Case Study

Case Study :

CenterHung Fan ,spherical Roller bearing,1000 Rpm Speed ,lubrication is oil 

Dominant frequency is 1XTS 

TWF about to be sinsoidal in vertical direction 

PeakVue is concerning and when using correlation Factor it showed a periodic peaks as shown below 

Accelerometer 100mv/g

units mm./sec

Result is :Bearing is rotating on shaft and excessive wear on shaft.

i need your comments.

horizotal (Spectrum mm./sec)img00005

Verticalimg00006Axial img00007

correlation FactorUntitled

Original Post
Hossam 2 posted:

Case Study :

CenterHung Fan ,spherical Roller bearing,1000 Rpm Speed ,lubrication is oil 

Dominant frequency is 1XTS 

TWF about to be sinsoidal in vertical direction 

PeakVue is concerning and when using correlation Factor it showed a periodic peaks as shown below 

Accelerometer 100mv/g

units mm./sec

Result is :Bearing is rotating on shaft and excessive wear on shaft.

i need your comments.Just wondering what kind of comments you need? Root cause analysis?

horizotal (Spectrum mm./sec)

I can not see any images

img00005

Verticalimg00006Axial

 img00007

correlation FactorUntitled

May just be my system for the reason I can not see the images.

Thanks,

Ralph

Ralph Stewart posted:
 

i need your comments.Just wondering what kind of comments you need?
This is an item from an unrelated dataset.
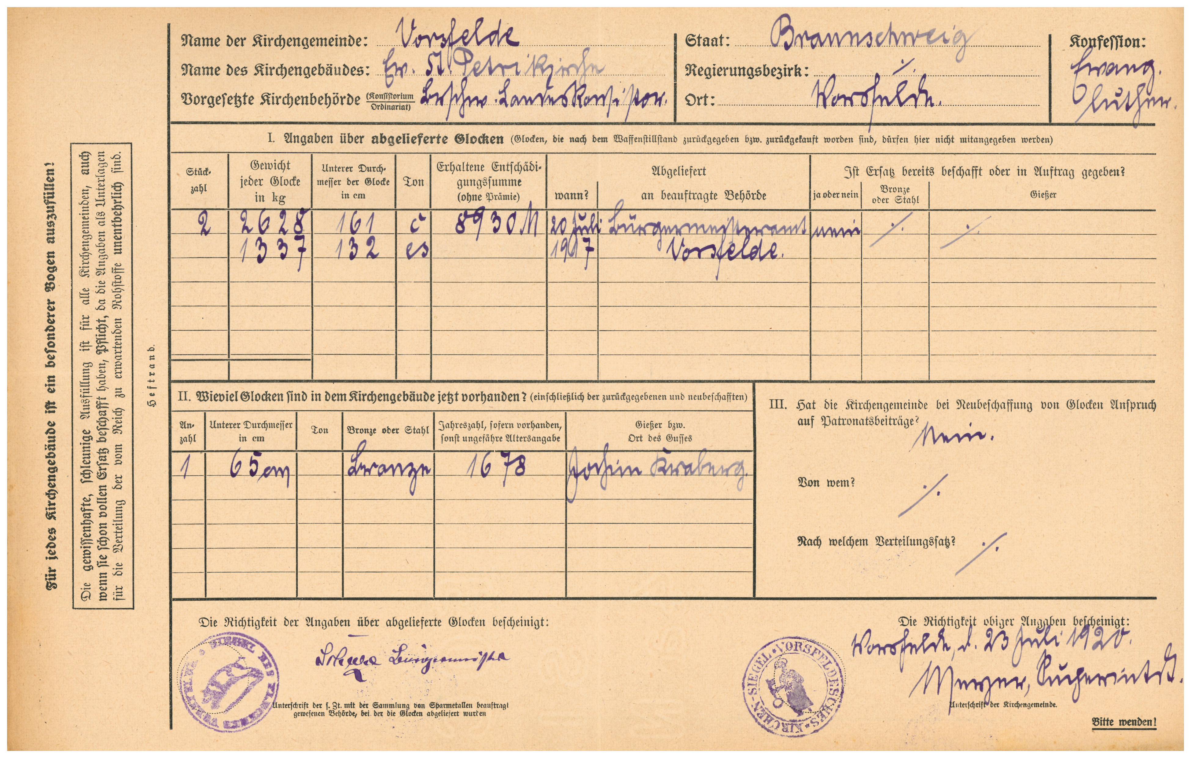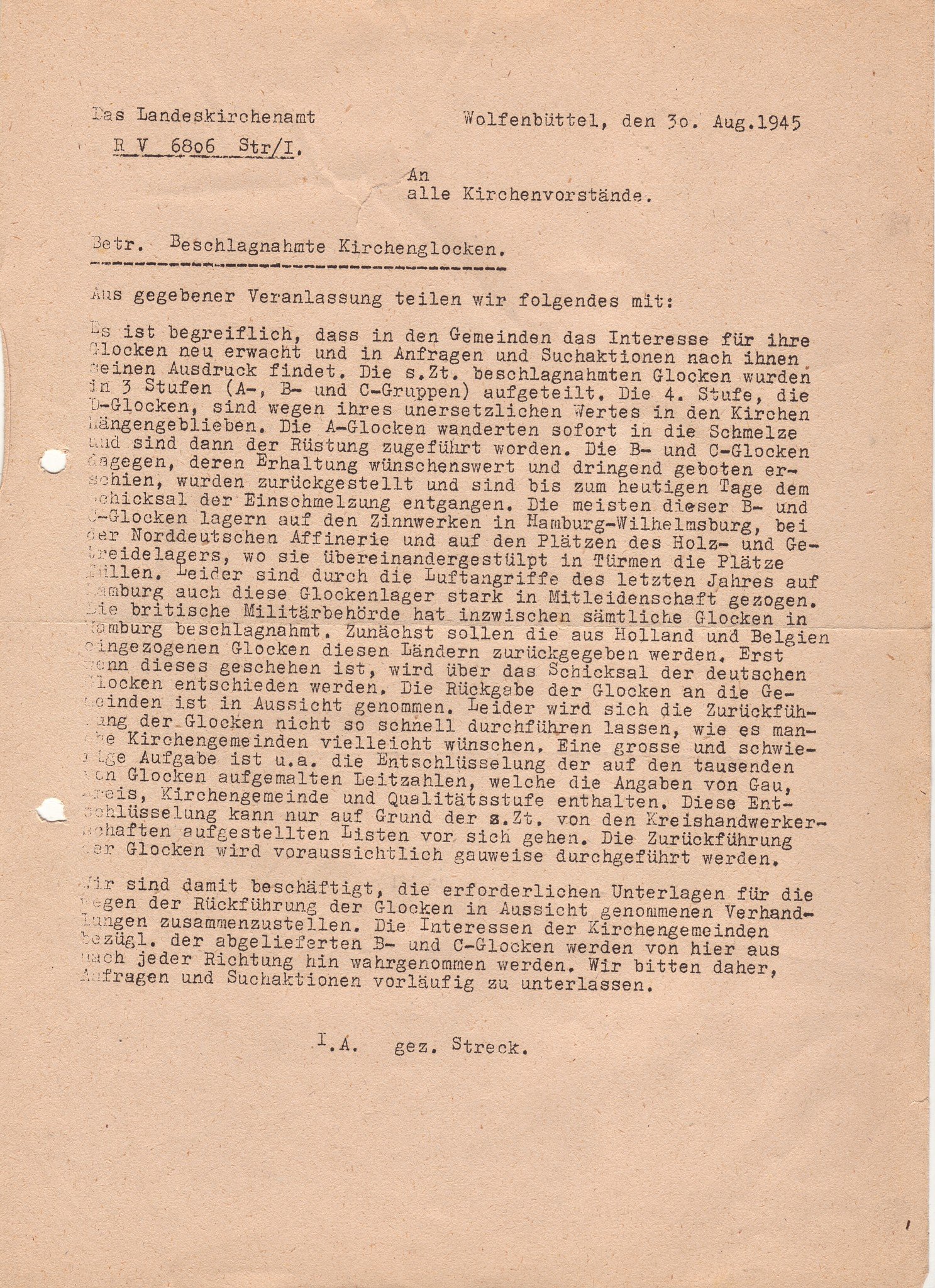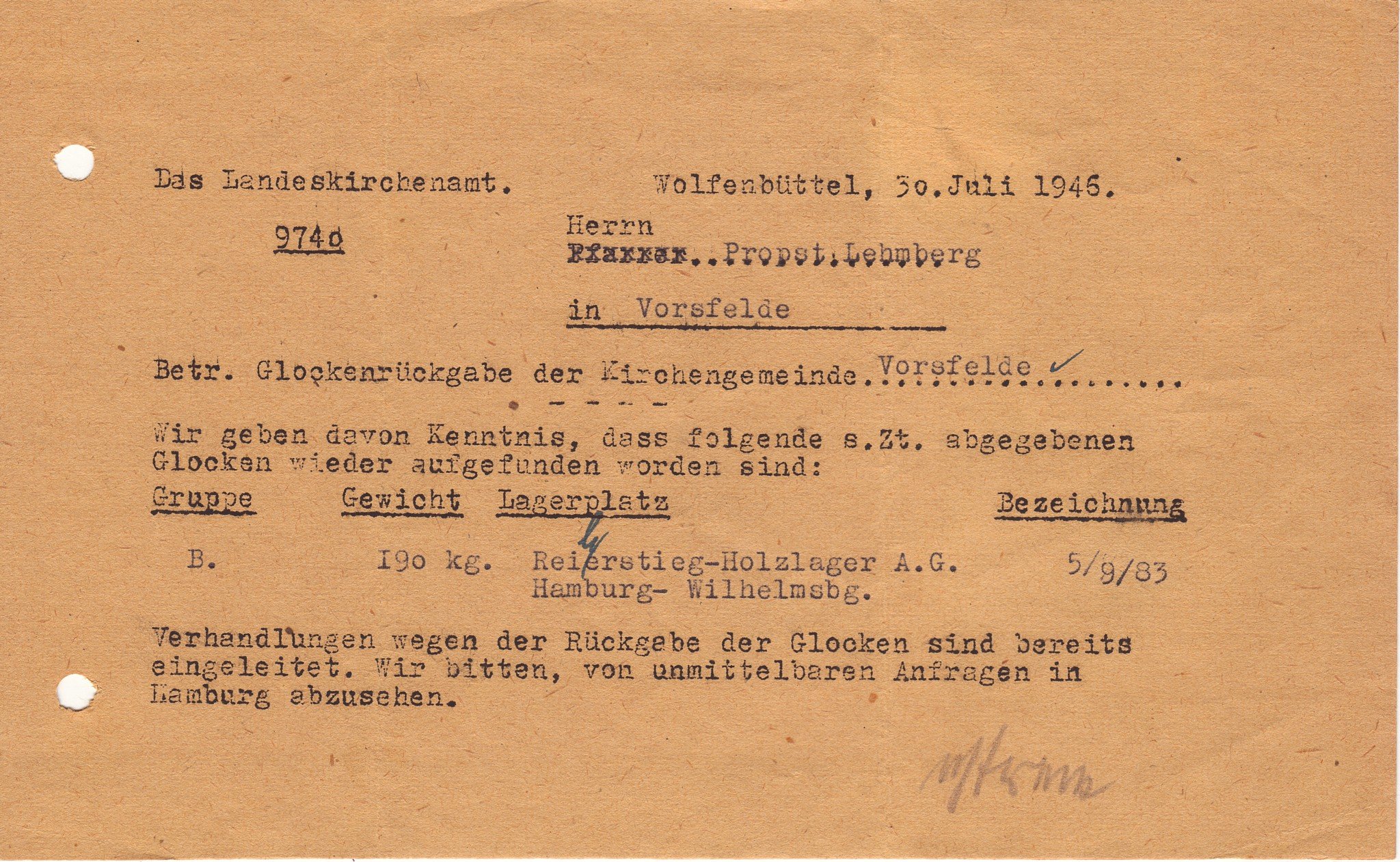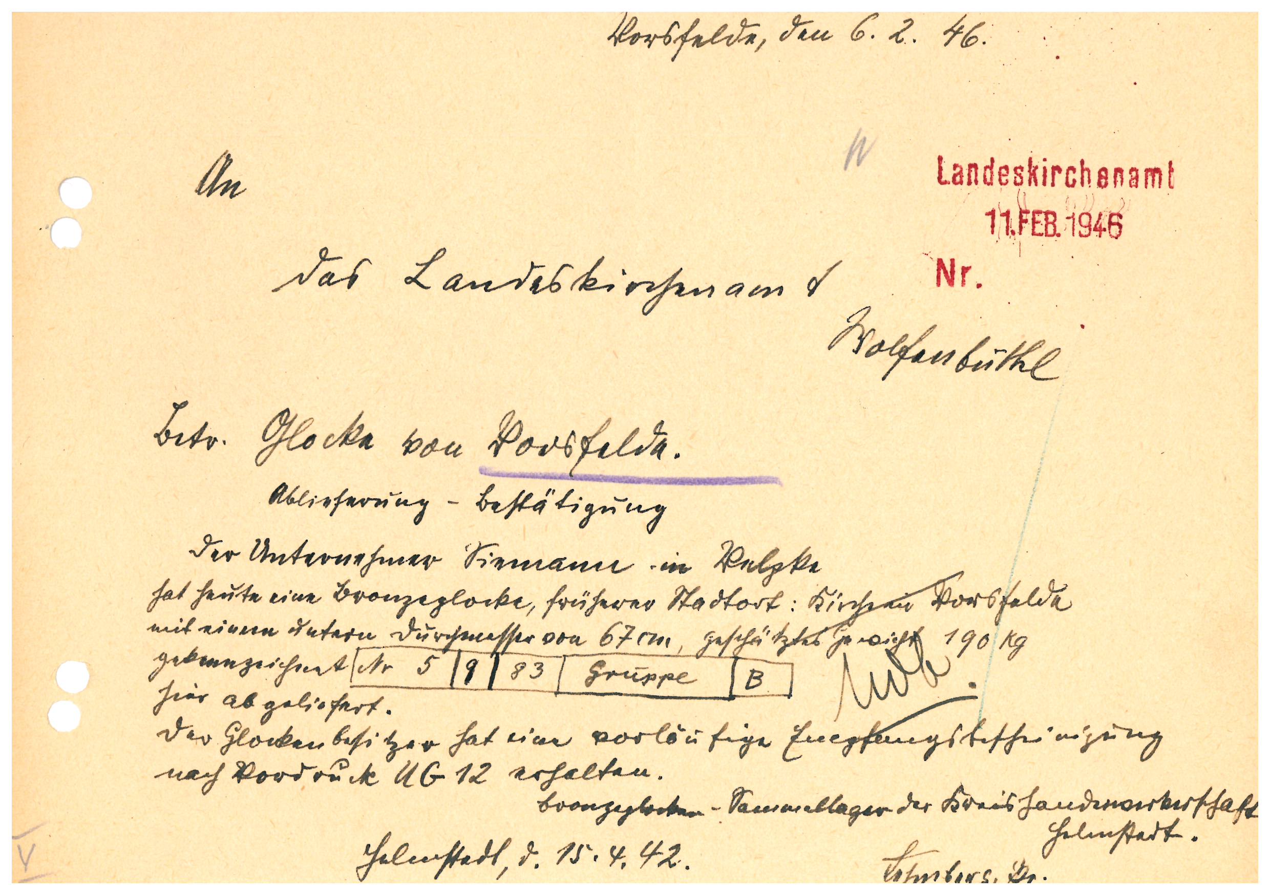 Für die Übersicht nach dem Kriege bitte mitteilen, welche Glocken abgegeben wurden (8.5.43 Meldung abgegeben)

Root cause analysis?

actually i have a problem with diagnosing these kind of bearings which lubrication is oil not Grease ,as the G's Level is very low this bearing  was 0.1 G's Rms and the dominant frequency is 1XTS

in technical Associcates of charlote it stated that when bearing turning on shaft it devided them into 4 stages ,as shown in attachment we didnt even reach to stage number 4 but in the stage no.1 at the existance of only 1X we find an excessive wear and feeler gauge 0.2mm could be insterted between bearing inner race and shaft.

Abbreviated Last Measurement Summary
************************************
F1P - Fan Inboard Horz Peakvue .199 G-s
-------------------------------------------------------------------------------
Clarification Of Vibration Units:
Acc --> G-s RMS

Hossam

Attachments

Ralph Stewart posted:

Do you have a Peakvue in the vertical direction, since its amplitude is twice as high as the horizontal?

The vertical velocity data appears to look as though it might have some 1/2x between 6k and 10k cpm frequency.

Actually i never take pkvue at vertical as per emerson recommendation.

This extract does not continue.